GIVEN DATA:
--------------------------------------------------
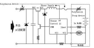 充電器是便攜式電子產(chǎn)品中是必要的附件,圖7是充電器中PolySwitchTM元件的應(yīng)用。圖7中的虛線框內(nèi)是電池組,PolySwitchTM元件在其中作充、放電過(guò)流保護(hù)。[page]
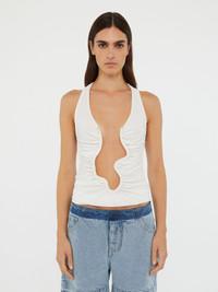 A Christopher Esber signature is reimagined into a tank silhouette. Crafted from dry jersey, this ruched tank is artfully constructed with a sculptured wire cut-out and bespoke copper hardware. - Sculpted wire wave formation hardware - Tank silhouette - Pull over style - True to size - Main: 100% Viscose - Hardware: Copper Model is 180cm/5'11" and wears size AU 8 (US 4) AU sizing
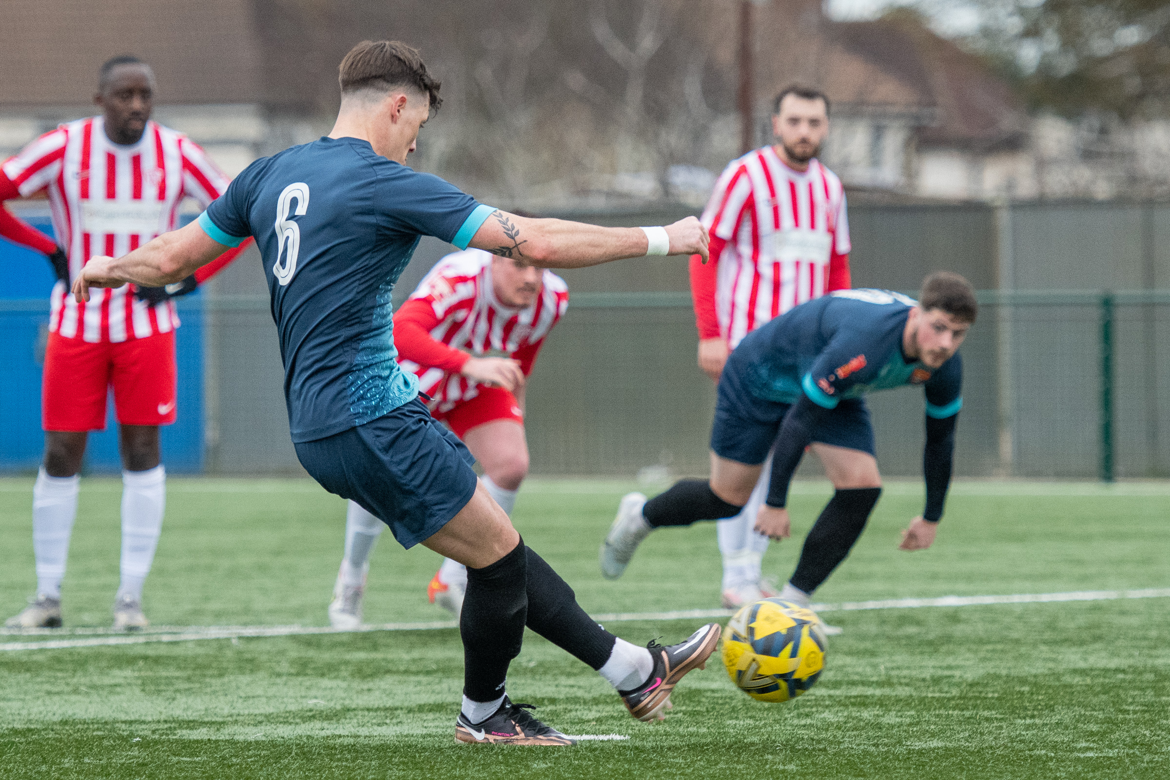 Felixstowe started brightly on the 3G surface of Haringey Borough, but often found the final pass lacking when moving forward. New Salamis were playing on the break with Remi and Mandla looking particularly dangerous with their pace. Mandla headed tamely wide on 7 minutes before Noel Aitkens was denied at the near post with a challenge preventing his shot hitting the target. Callum Harrison curled a free kick round the wall and just past the post on 12 minutes, then one of the home sides quick breaks found a gap on the right to allow Remi to slam the ball in from close distance. Aitkens sent over a wonderful cross from deep on the right shortly after, it found Fennell in the box, he took the ball down well, turned and shot but was denied by a last gasp block. Despite all their possession and passing football, it was the home side who again stunned the away support on 25 minutes as they took a two-goal lead, Felixstowe again unable to defend a break on the right and Ryan Hervel slammed the ball home from 15 yards. The Seasiders went close twice on 30 minutes, firstly a cross heading for Fennell was headed backwards by a defender and missed the goal frame by inches, and then Billy Holland saw his header tipped over the bar from the resultant corner. Joe Whight headed narrowly wide on 42 minutes but he was soon on the scoresheet, the assistant referee flagging for a clear handball from a corner as the referee blew the half time whistle. Salamis protests went overboard, as had been the case all afternoon, but Joe Whight stepped up and halved the deficit.
--------------------------------------------------
ABOUT THIS EXERCISE:
Retype the data exactly; images stay out.

ANSWER TO THIS TASK:
 充電器是便攜式電子產(chǎn)品中是必要的附件,圖7是充電器中PolySwitchTM元件的應(yīng)用。圖7中的虛線框內(nèi)是電池組,PolySwitchTM元件在其中作充、放電過(guò)流保護(hù)。[page]
 A Christopher Esber signature is reimagined into a tank silhouette. Crafted from dry jersey, this ruched tank is artfully constructed with a sculptured wire cut-out and bespoke copper hardware. - Sculpted wire wave formation hardware - Tank silhouette - Pull over style - True to size - Main: 100% Viscose - Hardware: Copper Model is 180cm/5'11" and wears size AU 8 (US 4) AU sizing
 Felixstowe started brightly on the 3G surface of Haringey Borough, but often found the final pass lacking when moving forward. New Salamis were playing on the break with Remi and Mandla looking particularly dangerous with their pace. Mandla headed tamely wide on 7 minutes before Noel Aitkens was denied at the near post with a challenge preventing his shot hitting the target. Callum Harrison curled a free kick round the wall and just past the post on 12 minutes, then one of the home sides quick breaks found a gap on the right to allow Remi to slam the ball in from close distance. Aitkens sent over a wonderful cross from deep on the right shortly after, it found Fennell in the box, he took the ball down well, turned and shot but was denied by a last gasp block. Despite all their possession and passing football, it was the home side who again stunned the away support on 25 minutes as they took a two-goal lead, Felixstowe again unable to defend a break on the right and Ryan Hervel slammed the ball home from 15 yards. The Seasiders went close twice on 30 minutes, firstly a cross heading for Fennell was headed backwards by a defender and missed the goal frame by inches, and then Billy Holland saw his header tipped over the bar from the resultant corner. Joe Whight headed narrowly wide on 42 minutes but he was soon on the scoresheet, the assistant referee flagging for a clear handball from a corner as the referee blew the half time whistle. Salamis protests went overboard, as had been the case all afternoon, but Joe Whight stepped up and halved the deficit.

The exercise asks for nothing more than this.